Task objective: Beginning at the line that contains "室内機を降ろせば、あらゆる角", reproduce the entries below exactly, ending with the line that contains "Dragon Head rock". Omit each picture.

Information shown:
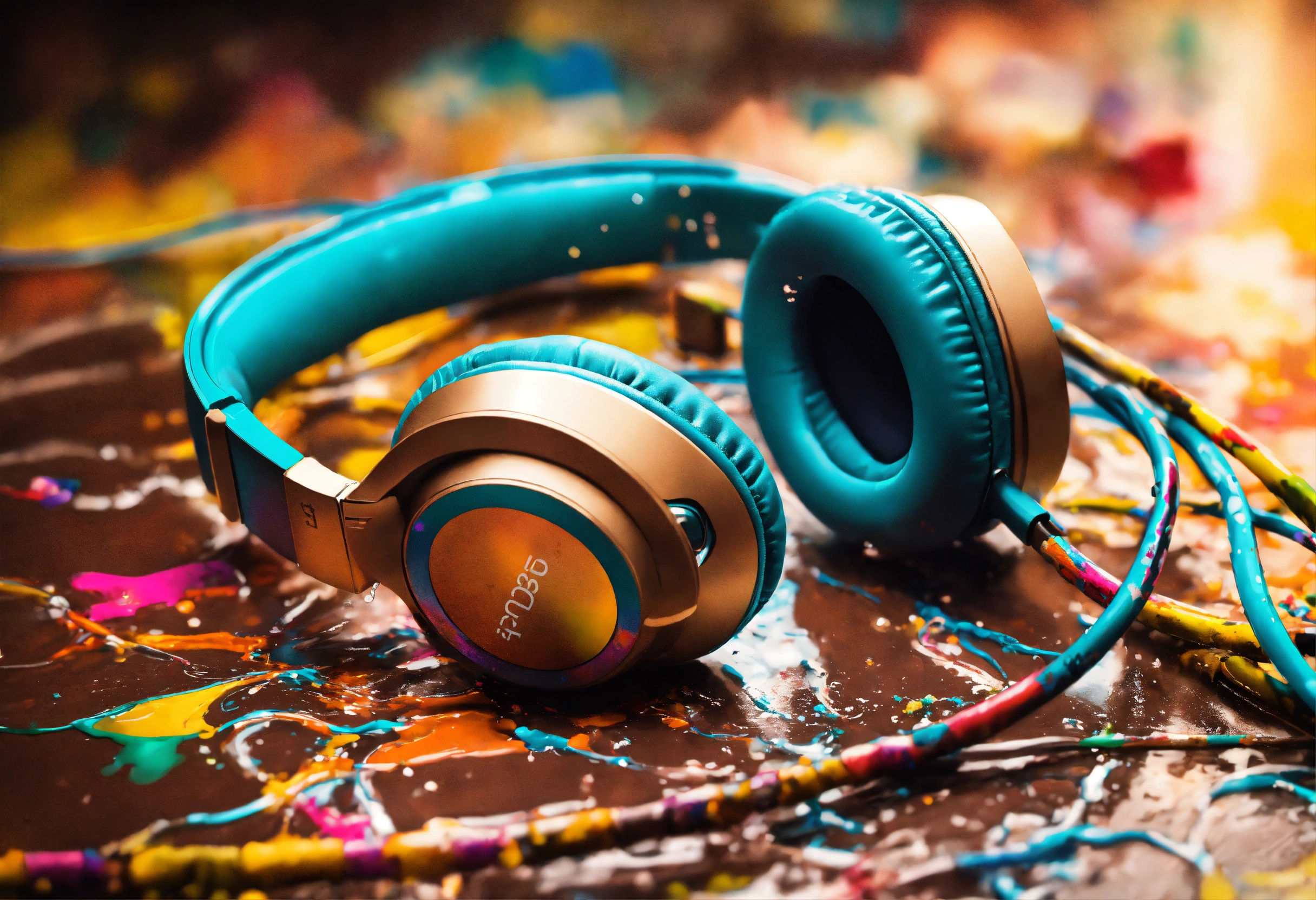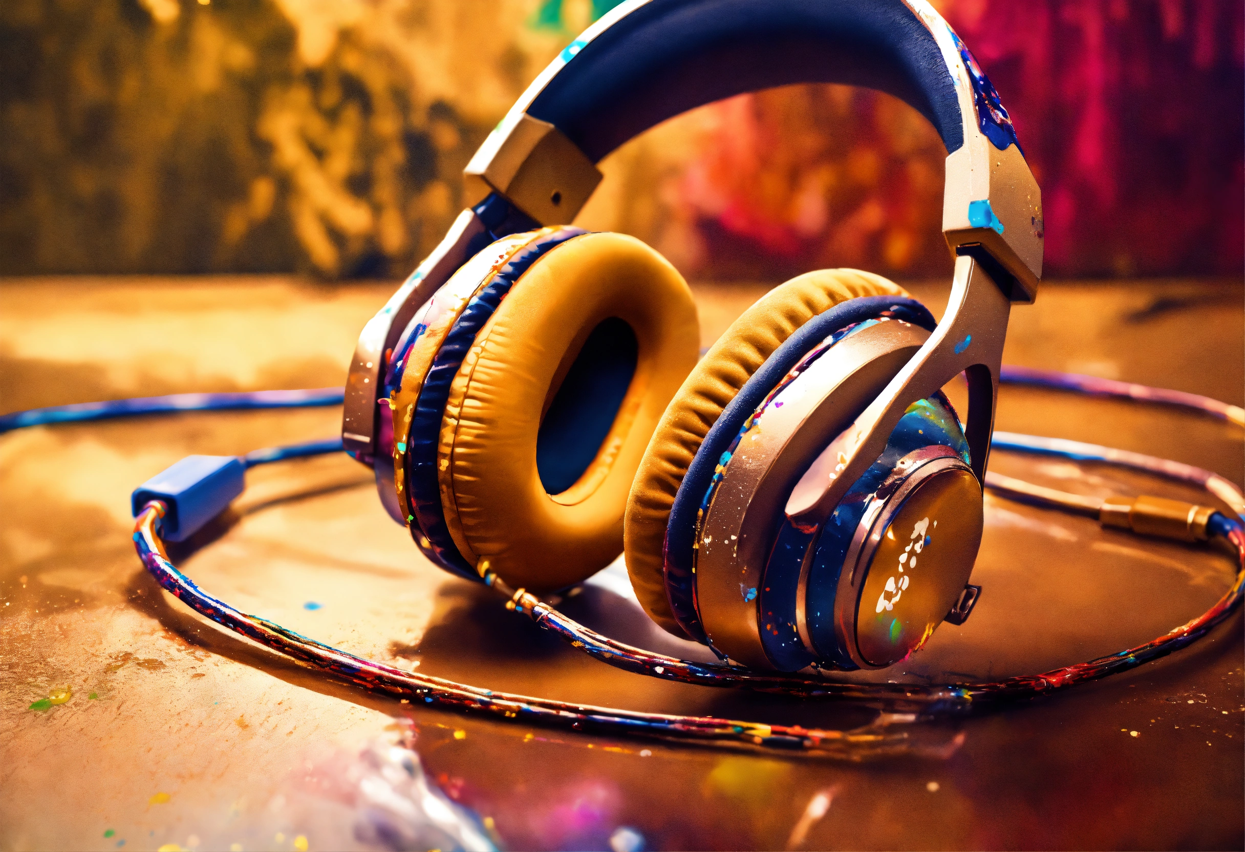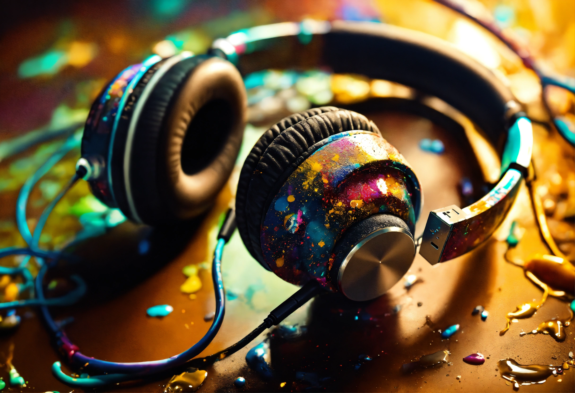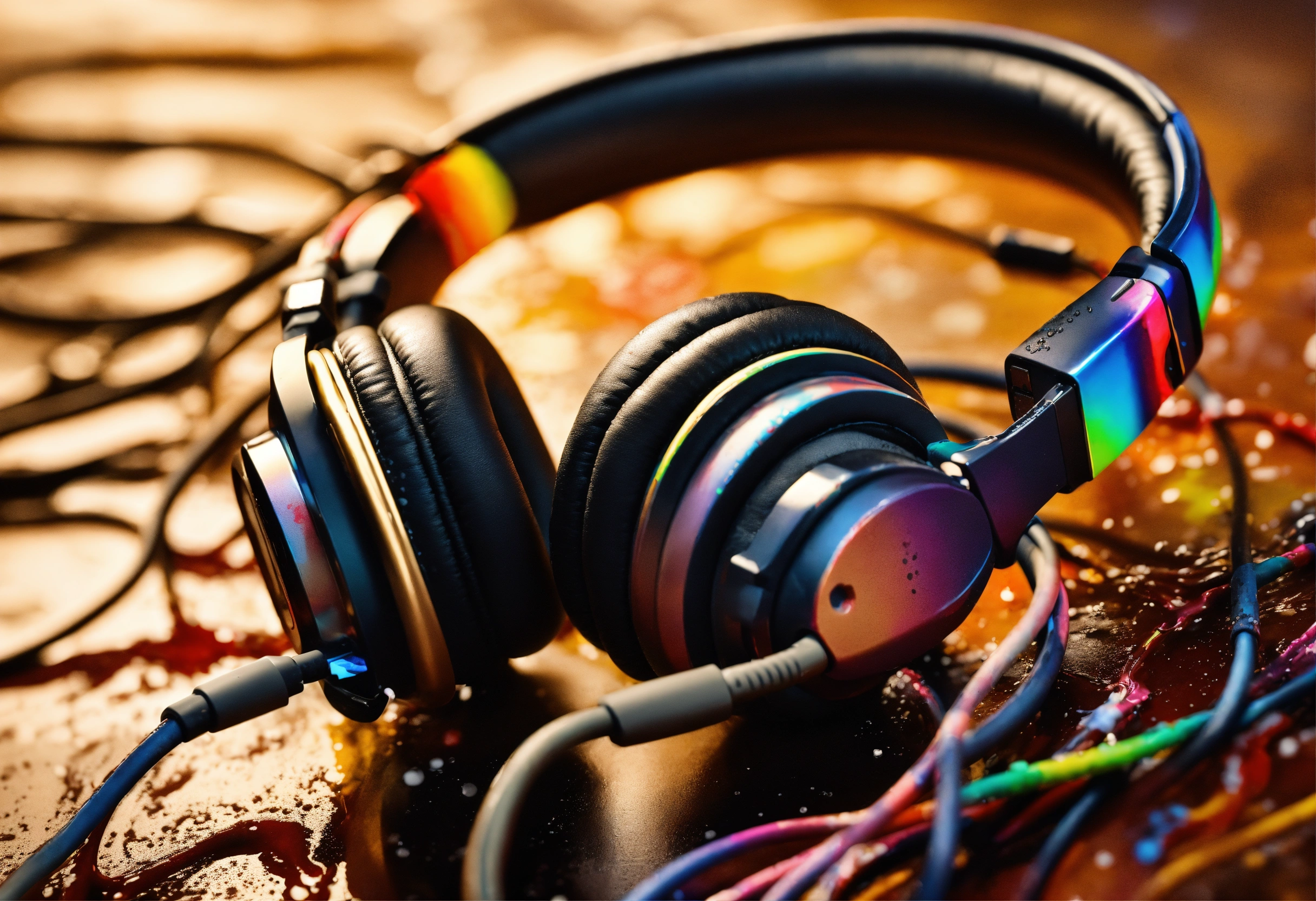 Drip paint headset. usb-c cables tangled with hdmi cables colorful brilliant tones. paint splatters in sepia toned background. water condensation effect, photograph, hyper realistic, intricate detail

---

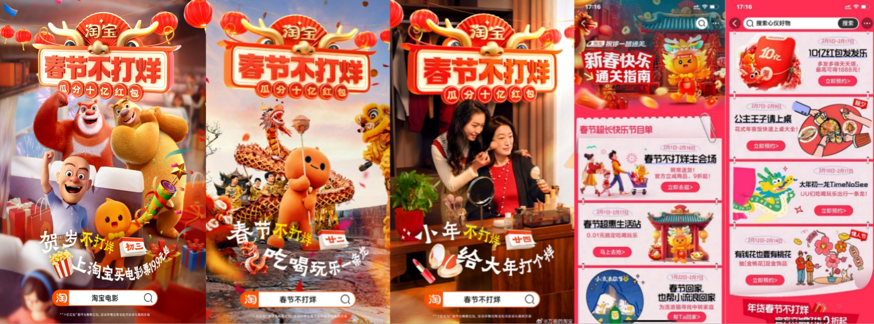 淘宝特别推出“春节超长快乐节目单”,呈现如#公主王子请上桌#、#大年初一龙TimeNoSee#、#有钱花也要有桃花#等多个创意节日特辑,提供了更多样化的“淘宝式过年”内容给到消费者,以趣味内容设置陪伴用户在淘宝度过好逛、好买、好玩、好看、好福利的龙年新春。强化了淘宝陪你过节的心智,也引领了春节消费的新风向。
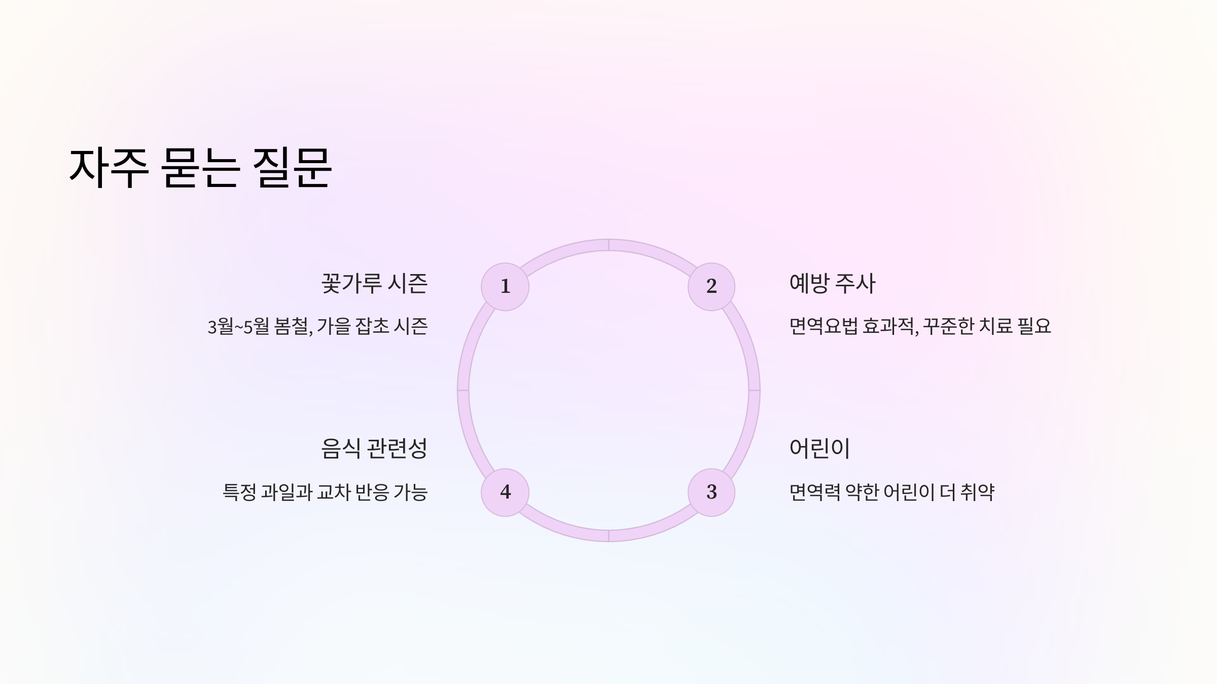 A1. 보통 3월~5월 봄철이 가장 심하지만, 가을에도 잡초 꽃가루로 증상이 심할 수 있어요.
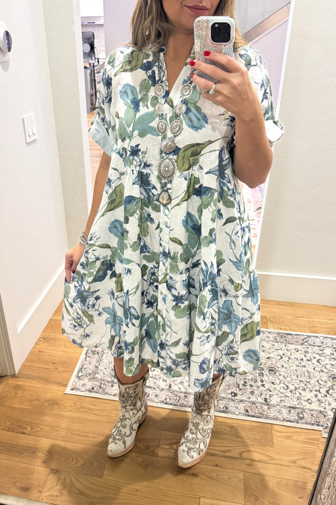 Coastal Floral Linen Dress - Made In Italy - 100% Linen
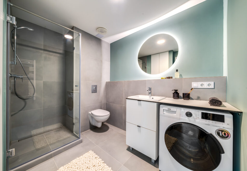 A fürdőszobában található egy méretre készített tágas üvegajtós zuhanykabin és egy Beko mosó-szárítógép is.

---

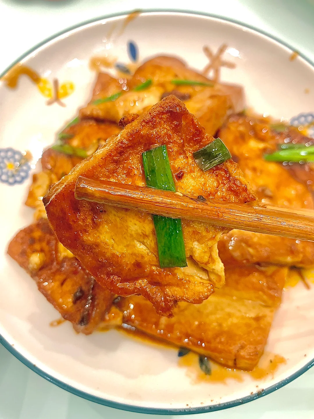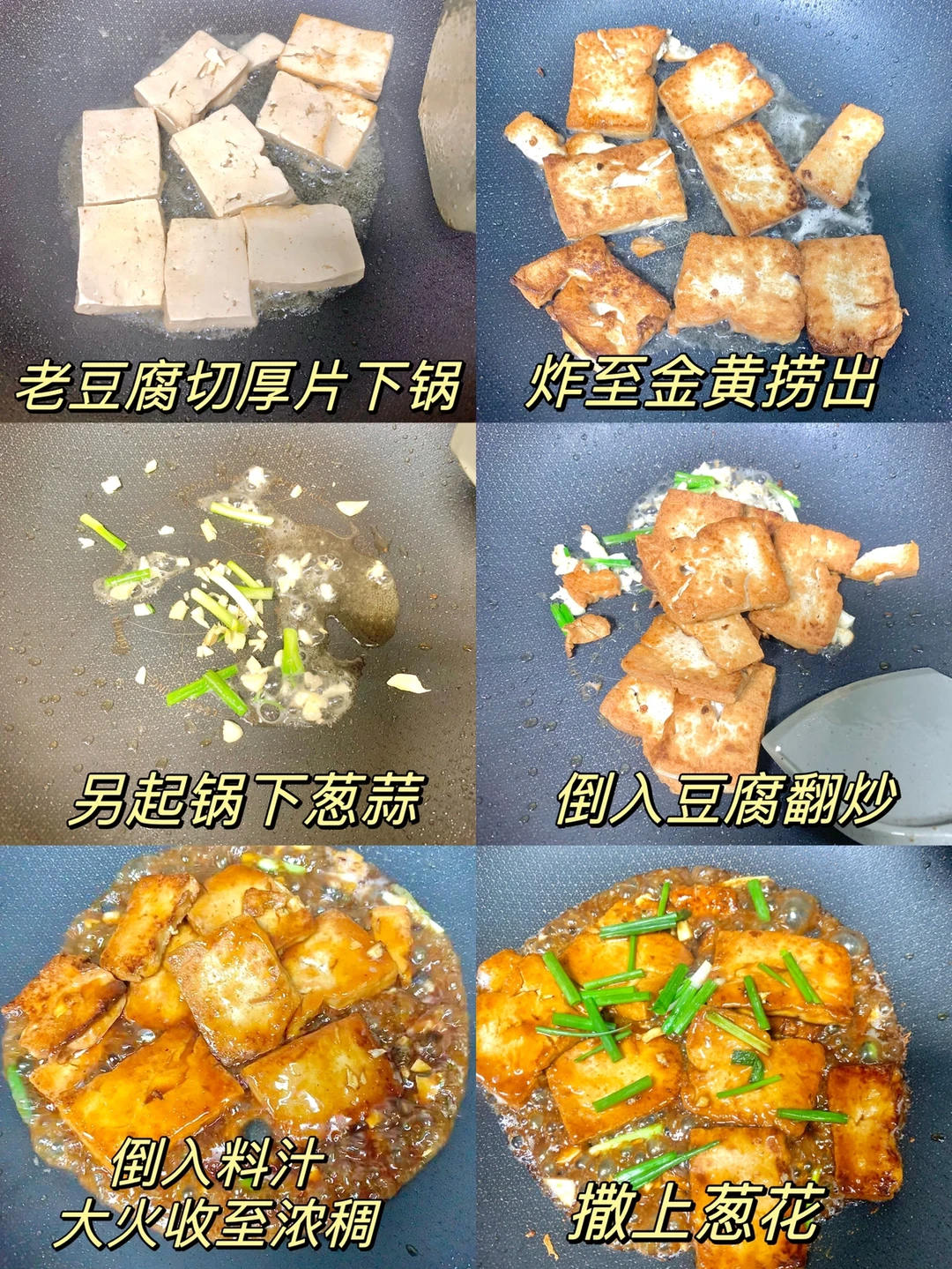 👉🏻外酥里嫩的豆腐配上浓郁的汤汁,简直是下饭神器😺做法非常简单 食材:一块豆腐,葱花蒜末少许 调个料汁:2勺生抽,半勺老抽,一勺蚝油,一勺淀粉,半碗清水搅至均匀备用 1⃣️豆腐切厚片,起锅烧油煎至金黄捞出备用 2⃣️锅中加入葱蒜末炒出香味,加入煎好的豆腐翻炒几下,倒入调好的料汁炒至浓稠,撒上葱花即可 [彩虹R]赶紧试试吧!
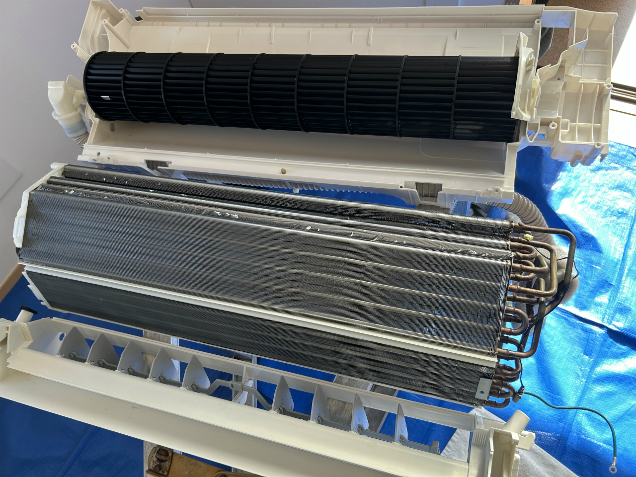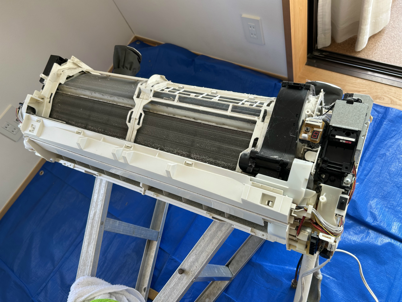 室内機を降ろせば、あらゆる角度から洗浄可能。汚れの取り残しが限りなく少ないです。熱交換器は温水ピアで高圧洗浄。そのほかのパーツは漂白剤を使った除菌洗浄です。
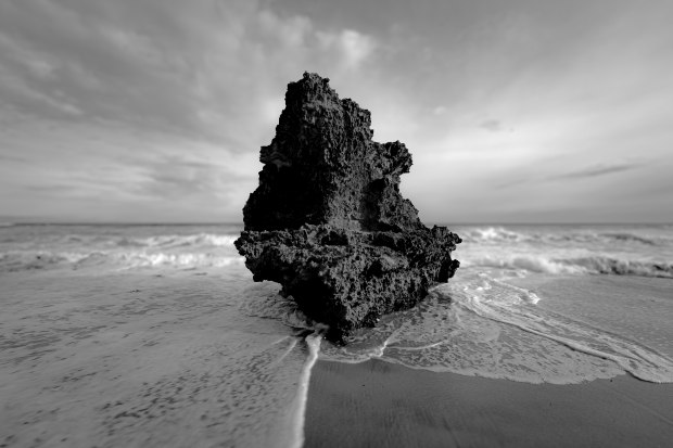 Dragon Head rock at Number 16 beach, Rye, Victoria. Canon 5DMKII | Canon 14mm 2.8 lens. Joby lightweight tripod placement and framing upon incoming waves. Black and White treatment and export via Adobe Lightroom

Response to this exercise:
 室内機を降ろせば、あらゆる角度から洗浄可能。汚れの取り残しが限りなく少ないです。熱交換器は温水ピアで高圧洗浄。そのほかのパーツは漂白剤を使った除菌洗浄です。
 Dragon Head rock at Number 16 beach, Rye, Victoria. Canon 5DMKII | Canon 14mm 2.8 lens. Joby lightweight tripod placement and framing upon incoming waves. Black and White treatment and export via Adobe Lightroom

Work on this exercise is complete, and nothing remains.